Your task » In the copy, every record below must appear exactly as given, and no picture may appear.

Exercise inputs »
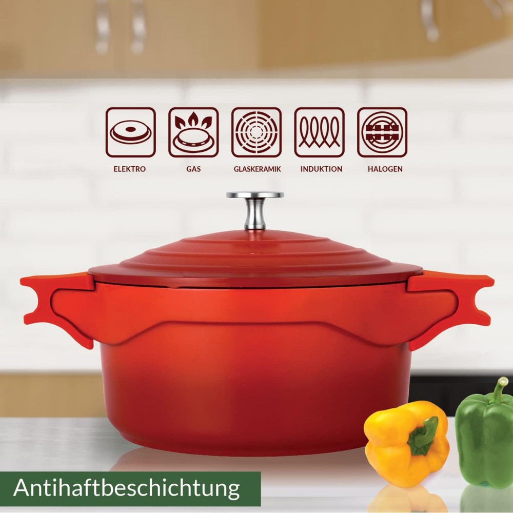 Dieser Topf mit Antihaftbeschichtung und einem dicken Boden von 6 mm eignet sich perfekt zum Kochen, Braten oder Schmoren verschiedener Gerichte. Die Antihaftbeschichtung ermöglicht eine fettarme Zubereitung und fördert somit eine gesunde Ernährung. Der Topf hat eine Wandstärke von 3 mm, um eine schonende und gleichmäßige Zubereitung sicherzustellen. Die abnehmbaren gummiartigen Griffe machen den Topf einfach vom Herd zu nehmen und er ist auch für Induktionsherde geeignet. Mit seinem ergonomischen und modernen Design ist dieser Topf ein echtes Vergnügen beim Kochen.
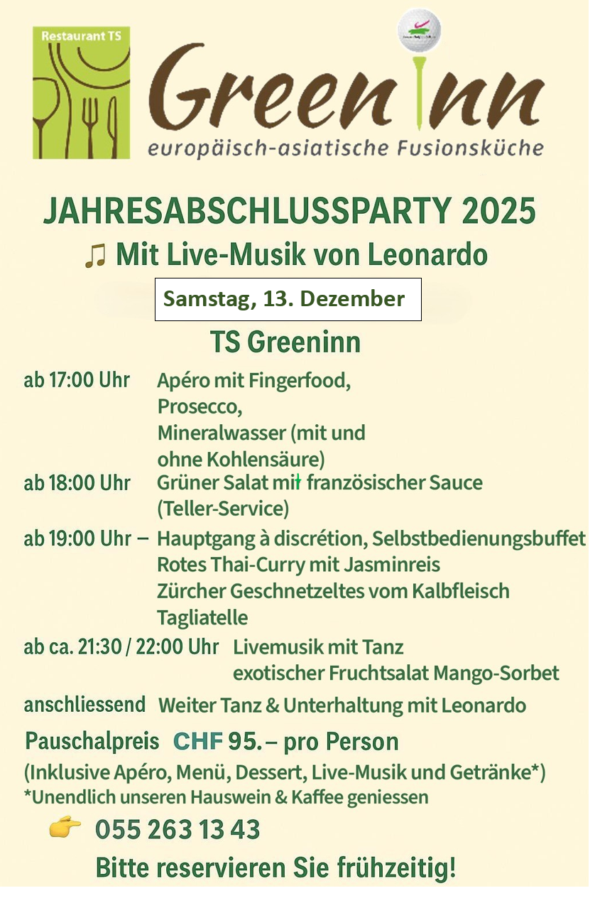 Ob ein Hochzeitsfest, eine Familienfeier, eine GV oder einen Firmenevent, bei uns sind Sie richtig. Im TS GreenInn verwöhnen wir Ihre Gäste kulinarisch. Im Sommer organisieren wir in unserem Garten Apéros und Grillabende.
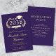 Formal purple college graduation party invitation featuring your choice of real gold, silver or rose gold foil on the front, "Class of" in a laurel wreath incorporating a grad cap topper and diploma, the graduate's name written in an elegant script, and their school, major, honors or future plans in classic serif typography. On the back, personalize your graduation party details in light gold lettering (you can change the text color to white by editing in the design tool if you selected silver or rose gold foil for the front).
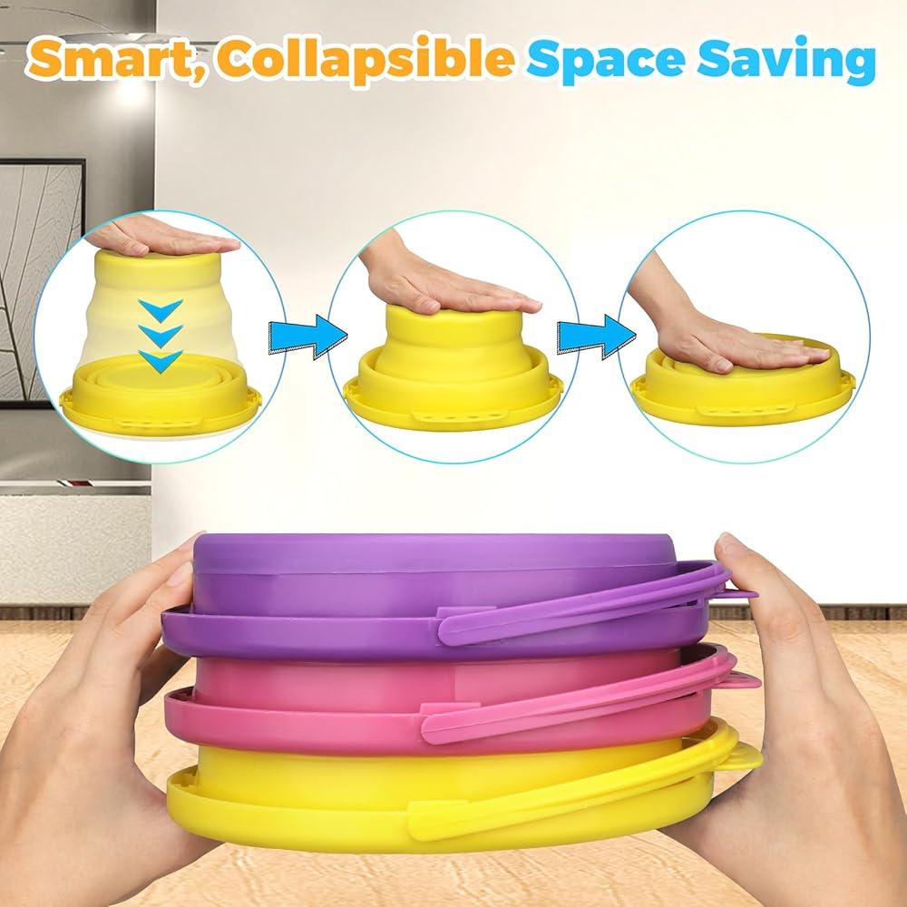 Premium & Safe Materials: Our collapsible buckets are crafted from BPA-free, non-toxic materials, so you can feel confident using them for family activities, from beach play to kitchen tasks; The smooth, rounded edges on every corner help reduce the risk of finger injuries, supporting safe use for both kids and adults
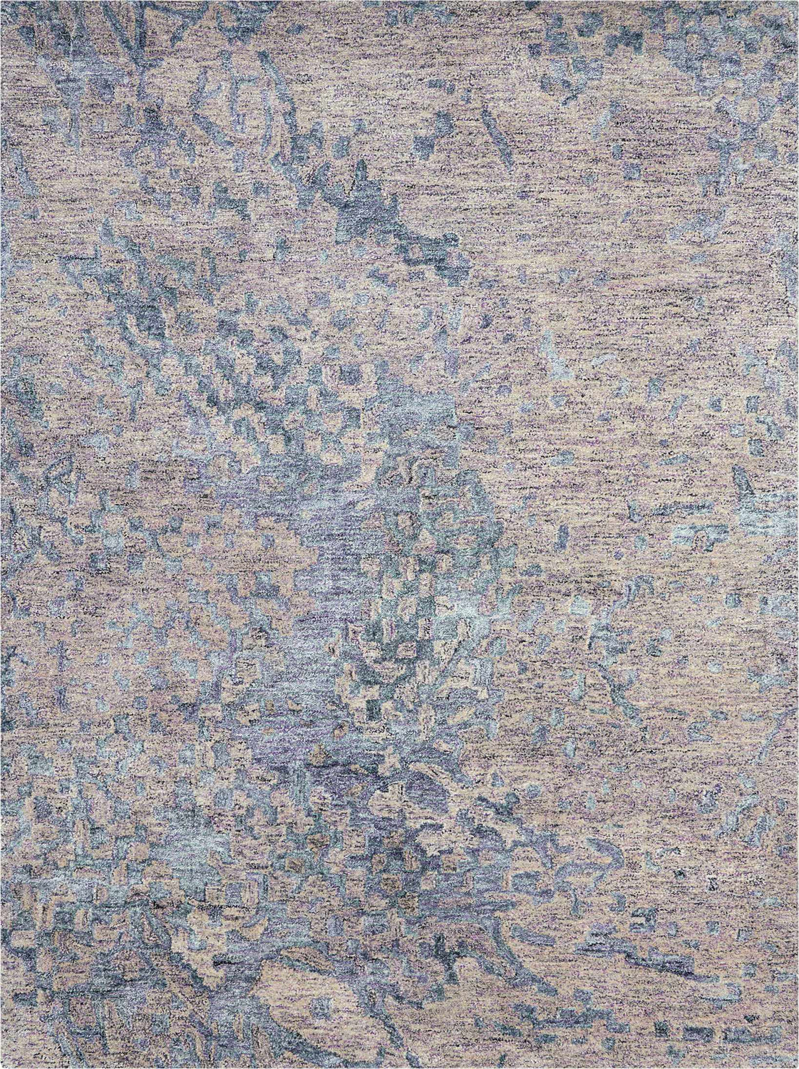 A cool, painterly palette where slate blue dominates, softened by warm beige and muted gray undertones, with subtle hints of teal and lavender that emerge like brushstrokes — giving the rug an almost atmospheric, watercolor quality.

Task answer »
 Dieser Topf mit Antihaftbeschichtung und einem dicken Boden von 6 mm eignet sich perfekt zum Kochen, Braten oder Schmoren verschiedener Gerichte. Die Antihaftbeschichtung ermöglicht eine fettarme Zubereitung und fördert somit eine gesunde Ernährung. Der Topf hat eine Wandstärke von 3 mm, um eine schonende und gleichmäßige Zubereitung sicherzustellen. Die abnehmbaren gummiartigen Griffe machen den Topf einfach vom Herd zu nehmen und er ist auch für Induktionsherde geeignet. Mit seinem ergonomischen und modernen Design ist dieser Topf ein echtes Vergnügen beim Kochen.
 Ob ein Hochzeitsfest, eine Familienfeier, eine GV oder einen Firmenevent, bei uns sind Sie richtig. Im TS GreenInn verwöhnen wir Ihre Gäste kulinarisch. Im Sommer organisieren wir in unserem Garten Apéros und Grillabende.
 Formal purple college graduation party invitation featuring your choice of real gold, silver or rose gold foil on the front, "Class of" in a laurel wreath incorporating a grad cap topper and diploma, the graduate's name written in an elegant script, and their school, major, honors or future plans in classic serif typography. On the back, personalize your graduation party details in light gold lettering (you can change the text color to white by editing in the design tool if you selected silver or rose gold foil for the front).
 Premium & Safe Materials: Our collapsible buckets are crafted from BPA-free, non-toxic materials, so you can feel confident using them for family activities, from beach play to kitchen tasks; The smooth, rounded edges on every corner help reduce the risk of finger injuries, supporting safe use for both kids and adults
 A cool, painterly palette where slate blue dominates, softened by warm beige and muted gray undertones, with subtle hints of teal and lavender that emerge like brushstrokes — giving the rug an almost atmospheric, watercolor quality.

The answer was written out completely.